Ala. Admin. Code r. 560-X-7-.24

Current through Register Vol. 43, No. 1, October 31, 2024
Section 560-X-7-.24 - Sending Bills And Statements To Medicaid Recipients
(1) Providers should not send recipients bills or statements for covered services once that recipient has been accepted as a Medicaid patient.
(2) Providers may send a notice to the recipient stating their claim is still outstanding if the notice indicates in bold letters: "THIS IS NOT A BILL."
(3) Providers are responsible for followup with the fiscal agent or Medicaid on any billing problems or unpaid claims.
(4) The Recipients are not responsible for the difference between charges billed and the amount paid by Medicaid for covered charges services.
(5) Providers agree to accept the amount paid by Medicaid as payment in full.
(6) Recipients may be billed only for the allowable copayment amount, for services not covered by Medicaid, or when benefits have been exhausted.
(7) Providers may not deny services to any eligible recipient due to the recipient's inability to pay the allowable copayment amount.
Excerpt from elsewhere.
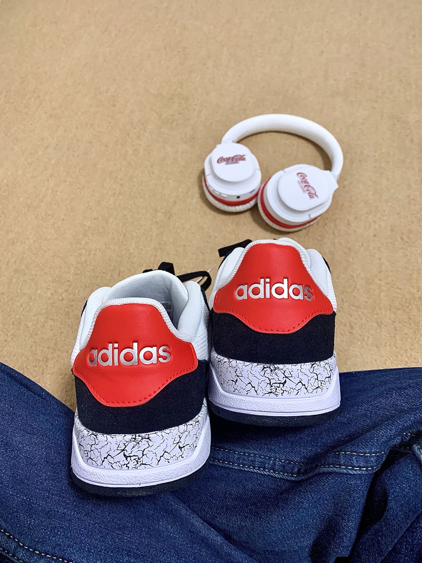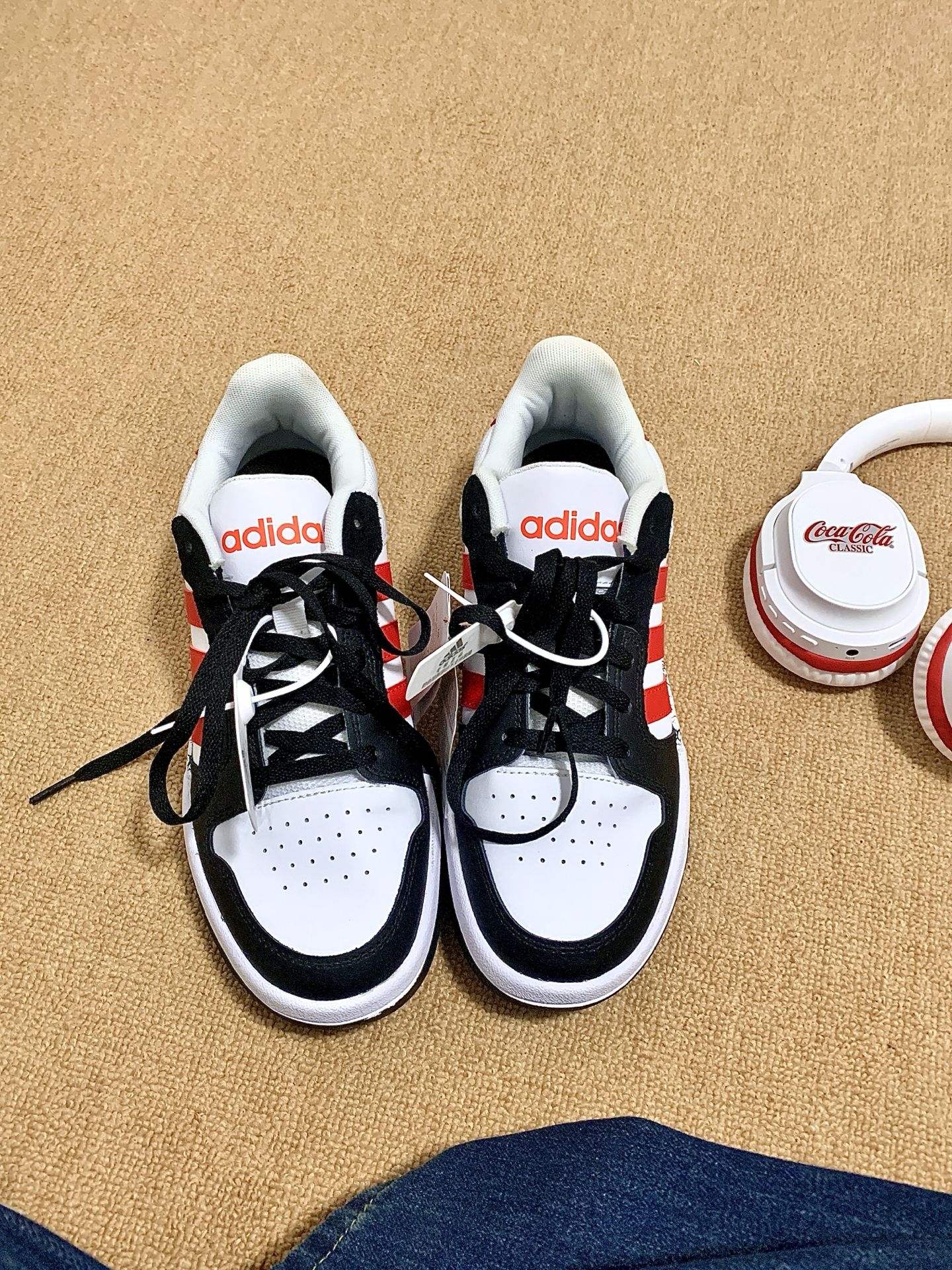 阿迪白红拼色板鞋➕可口可乐耳机🎧🟰快过新年啦🏮|||这个阿迪达斯白黑红拼色的板鞋好好看🌹 和我的红白色可口可乐耳机真的很搭 这一套真的很喜庆,蛮有新年氛围的🏮 鞋子穿着蛮舒服的,耳机音质和续航能力都棒棒哒 #穿搭开红运 #板鞋拿捏秋冬氛围感 #一双鞋轻松拿捏街头潮流 #可口可乐游戏耳机 #送TA惊喜生日礼

Author: Lynn Sharp, Associate Director, Policy Development Unit

Ala. Admin. Code r. 560-X-7-.24

Rule effective October 1, 1982. Amended effective July 9, 1984; June 8, 1985. Amended: Filed March 7, 1997; effective April 11, 1997. Amended: Filed August 6, 1999; effective September 10, 1999.

Statutory Authority: State Plan; Title XIX, Social Security Act; 42 C.F.R. §§447.15, 447.50, 447.55.